Apesar de pertencer à mesma geração de artistas, enquanto os europeus revolucionavam a arte, Velasco fazia o oposto.
"As Termas de Nezahualcoyotl", 1878.
"Ele não era um inovador", observa o curador.
"Ele tem seu estilo, seu objetivo, e isso não muda muito. Ele mantém o estilo romântico de seu mestre, Landesio, mas alcança um estilo um pouco mais romântico." Esse mestre, o pintor italiano Eugenio Landesio, lecionou na Academia de San Carlos, a primeira Academia de Belas Artes das Américas (hoje parte da UNAM), e deixou uma marca indelével em Velasco.
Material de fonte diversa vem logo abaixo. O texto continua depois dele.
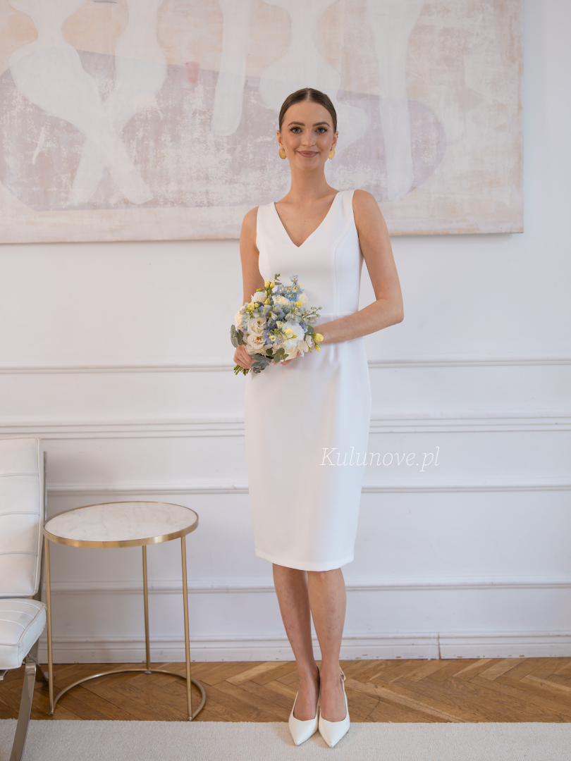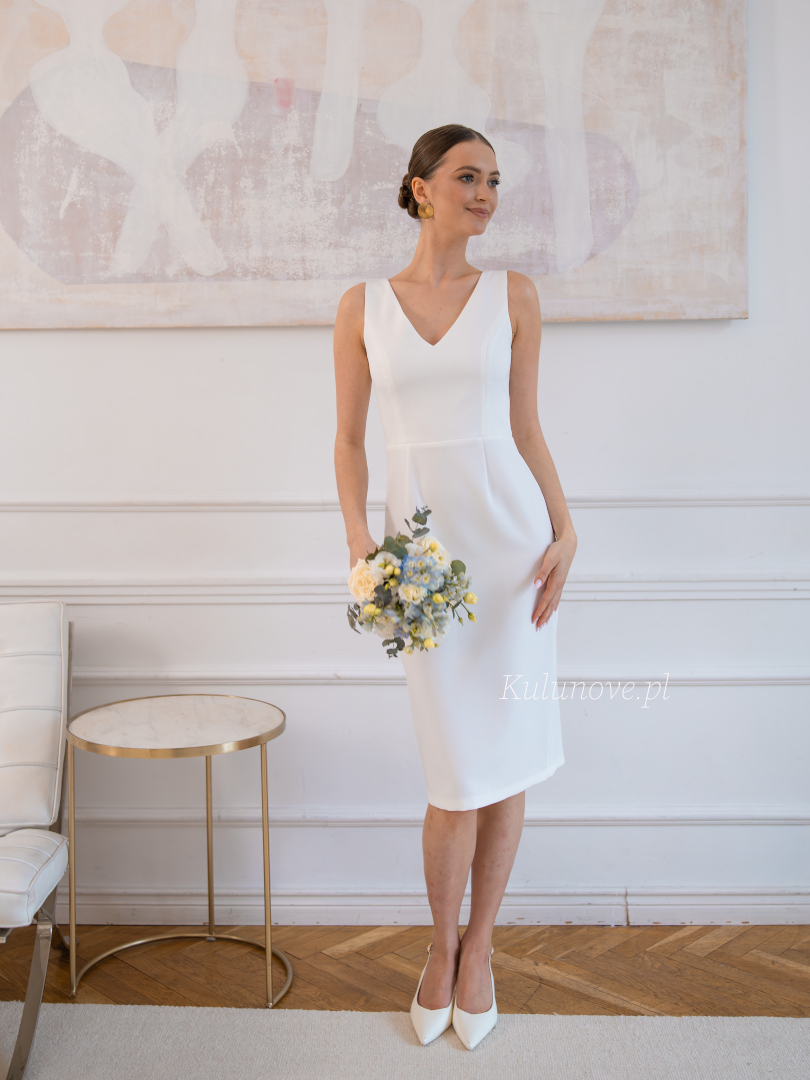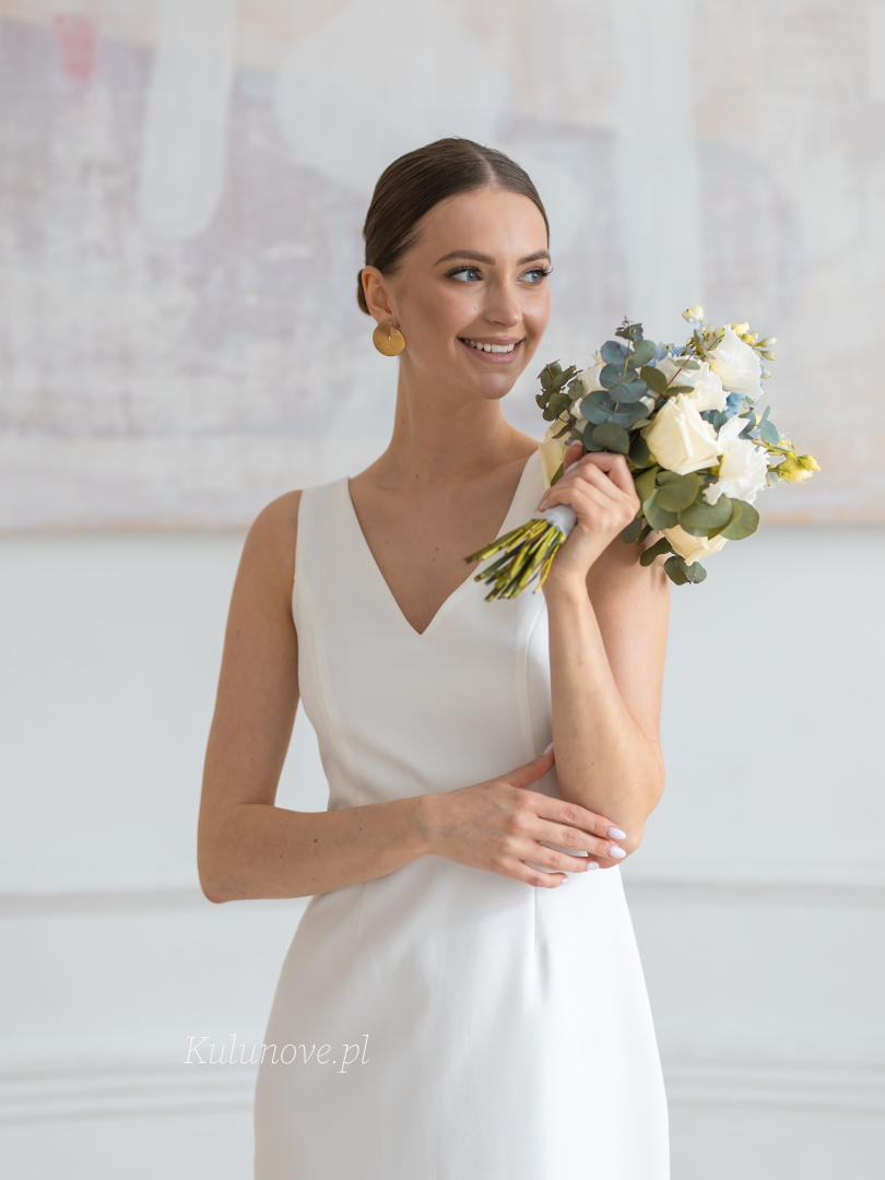 The V-shaped neckline subtly elongates the neck and slims the upper part of the silhouette, and the wide shoulder straps provide comfort and an elegant finish. The smooth fabric sits perfectly on the body, creating a timeless base for many looks - both wedding and formal.

Sua obra sempre manteve aquele acento romântico que busca exaltar a natureza, em consonância com o movimento artístico da segunda metade do século XIX, que se encontrava em seus estágios finais.
Como era de se esperar da época, enquanto as pinturas dos impressionistas eram rejeitadas nas exposições do Salão na França, as de Velasco eram aceitas e premiadas.
"Ele é um artista muito sóbrio, muito sério", observa Sobrino.
Seu México
Velasco temperou esse academicismo de origem europeia com toques da tradição e da paisagem de seu país.
E ele fez exatamente o que declarou naquele canto da pintura: pintou o México.
Principalmente o seu México, porque, assim como não explorava outros caminhos na arte, ao contrário da maioria dos pintores de paisagens, Velasco não era dado a partir com seus pincéis e tintas para lugares distantes em busca de horizontes desconhecidos.
Viajou pouco e nem pintou em sua viagem mais longa, à Exposição Universal de 1889, quando percorreu a Europa por um ano.
Segundo seu biógrafo, Luis Islas García, dessa experiência colecionou "fotografias dos principais monumentos; fascínio pelo Impressionismo; alarme com os costumes e publicidade merecida".
"Sua estranheza, ou melhor, seu desdém pela pintura que encontrou na Europa o salvou de influências talvez perniciosas, e ele continuou pintando em seu próprio estilo, despreocupado com pintores estrangeiros", acrescentou o autor.
Em terras remotas, ele vivenciou a neve, mas em sua obra ela só aparece nos picos dos vulcões Popocatépetl e Iztaccíhuatl. Ele também vivenciou o mar, mas o pintou apenas uma vez.